╭──
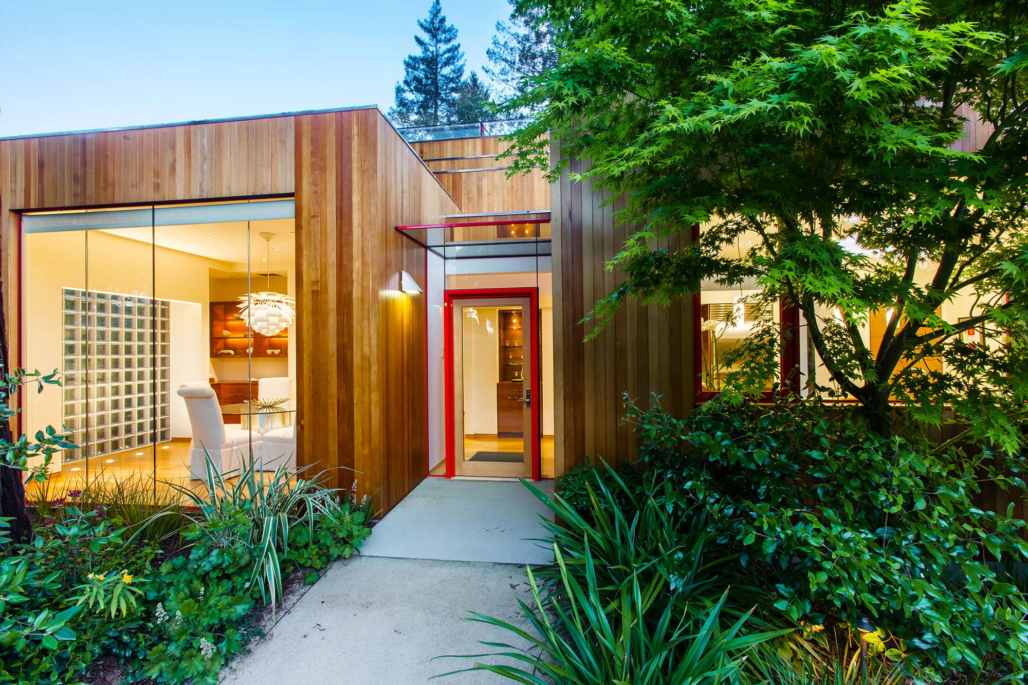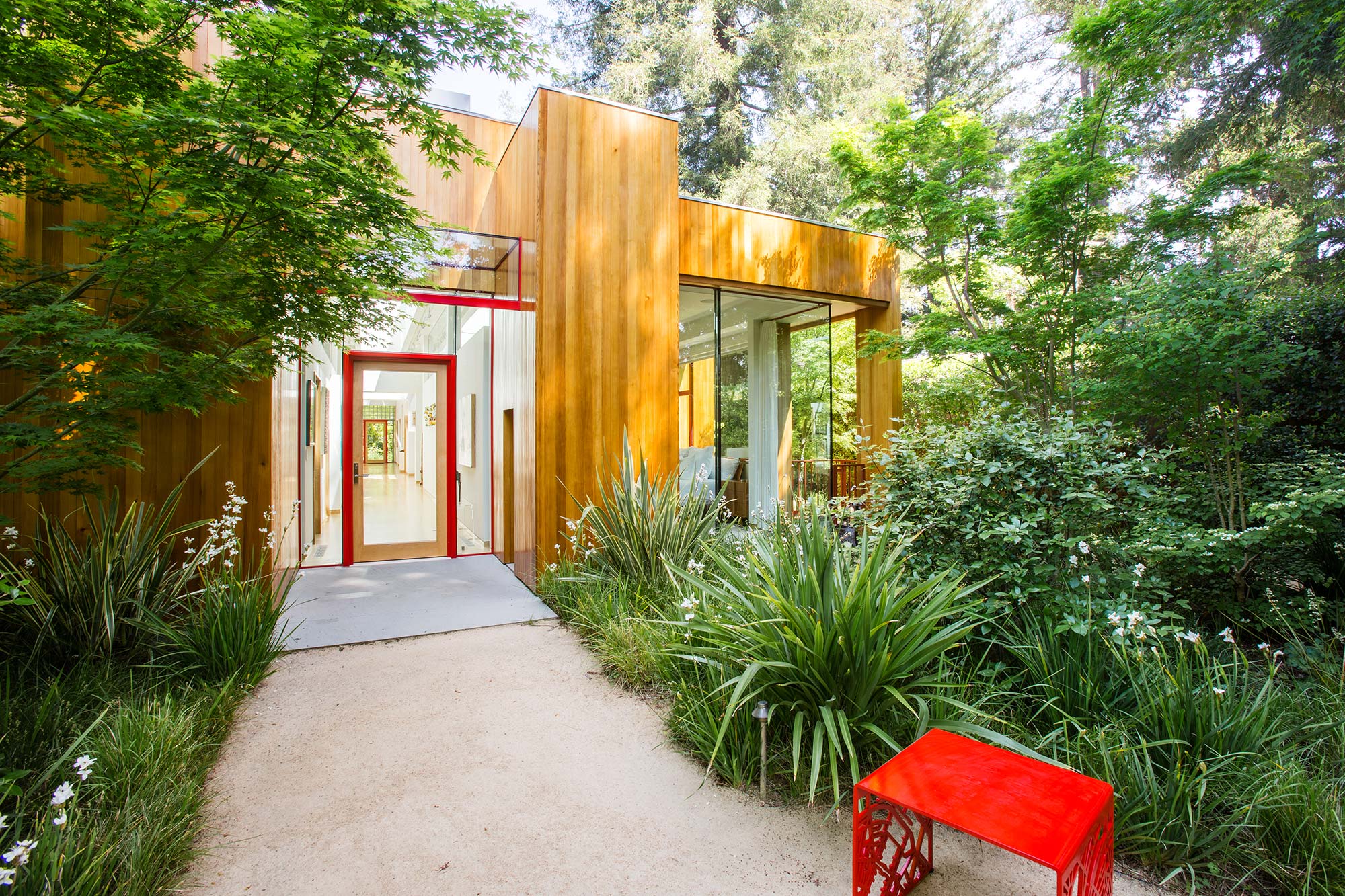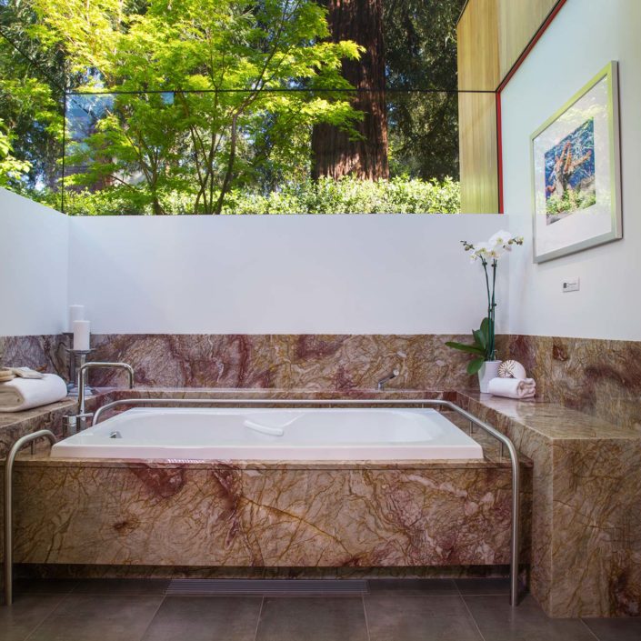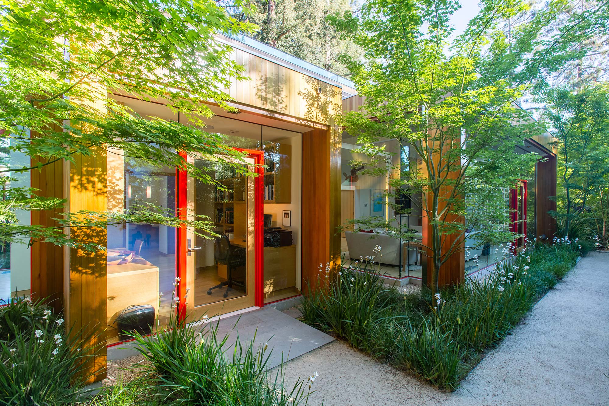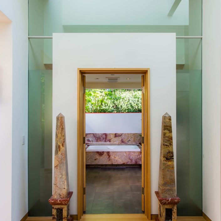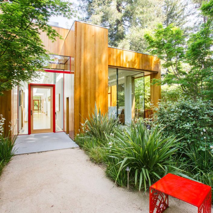 Rear Zen gardens with urn fountain, stacked stone walls, and native, drought-tolerant landscaping.
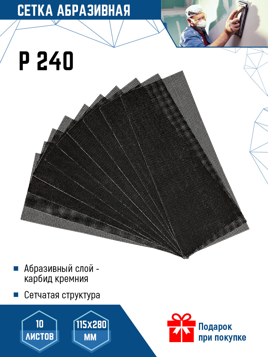 Сетка шкурка шлифовальная абразивная P240, 115х280 мм, 10 шт. информация:
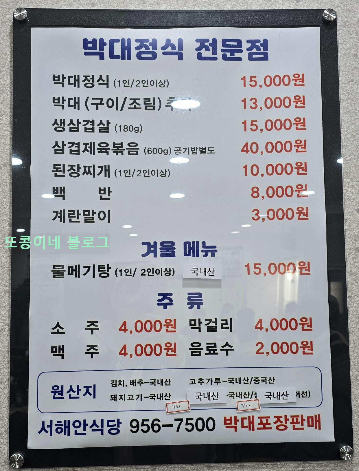 4인가족인데 애들이 어리므로, 이 집의 메인메뉴인 박대정식 3인분에 공기밥 하나 추가.
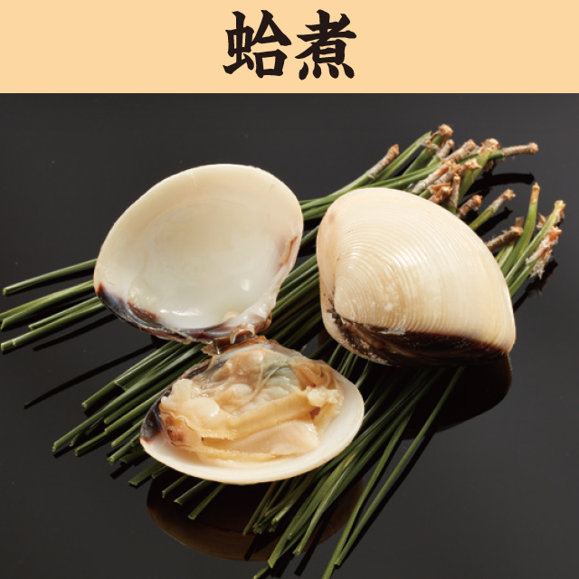 蛤煮、わかめ、赤魚西京焼、松麩、渋皮栗甘露煮、きんとん、黒豆甘露煮、味付いくら、紅白なます、バイ貝旨煮、きぬさや、蒲鉾 紅、蒲鉾 白、味付数の子、松前漬
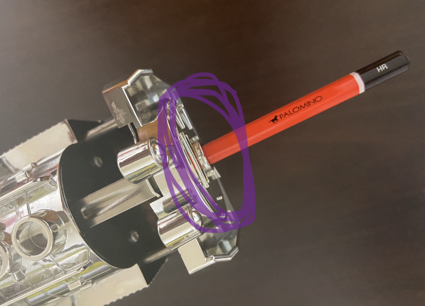 일반 연필깎이는 이렇게 연필 몸통을 조이고 깎게 되는데 이 과정에서 간혹 연필의 나무 몸통이 이로 깨문듯한 자국이 나기도 합니다 ㅠㅠㅠ 저의 전 수동연필깎이도 그랬어요 ㅠㅠㅠ
╰──
▶ _Exercise prompt_: Quote verbatim the final run of lines in the material above, from the line that contains "Сетка шкурка шлифовальная" through the very last line, excluding any pictures.

▶ _Written reply_:
 Сетка шкурка шлифовальная абразивная P240, 115х280 мм, 10 шт. информация:
 4인가족인데 애들이 어리므로, 이 집의 메인메뉴인 박대정식 3인분에 공기밥 하나 추가.
 蛤煮、わかめ、赤魚西京焼、松麩、渋皮栗甘露煮、きんとん、黒豆甘露煮、味付いくら、紅白なます、バイ貝旨煮、きぬさや、蒲鉾 紅、蒲鉾 白、味付数の子、松前漬
 일반 연필깎이는 이렇게 연필 몸통을 조이고 깎게 되는데 이 과정에서 간혹 연필의 나무 몸통이 이로 깨문듯한 자국이 나기도 합니다 ㅠㅠㅠ 저의 전 수동연필깎이도 그랬어요 ㅠㅠㅠ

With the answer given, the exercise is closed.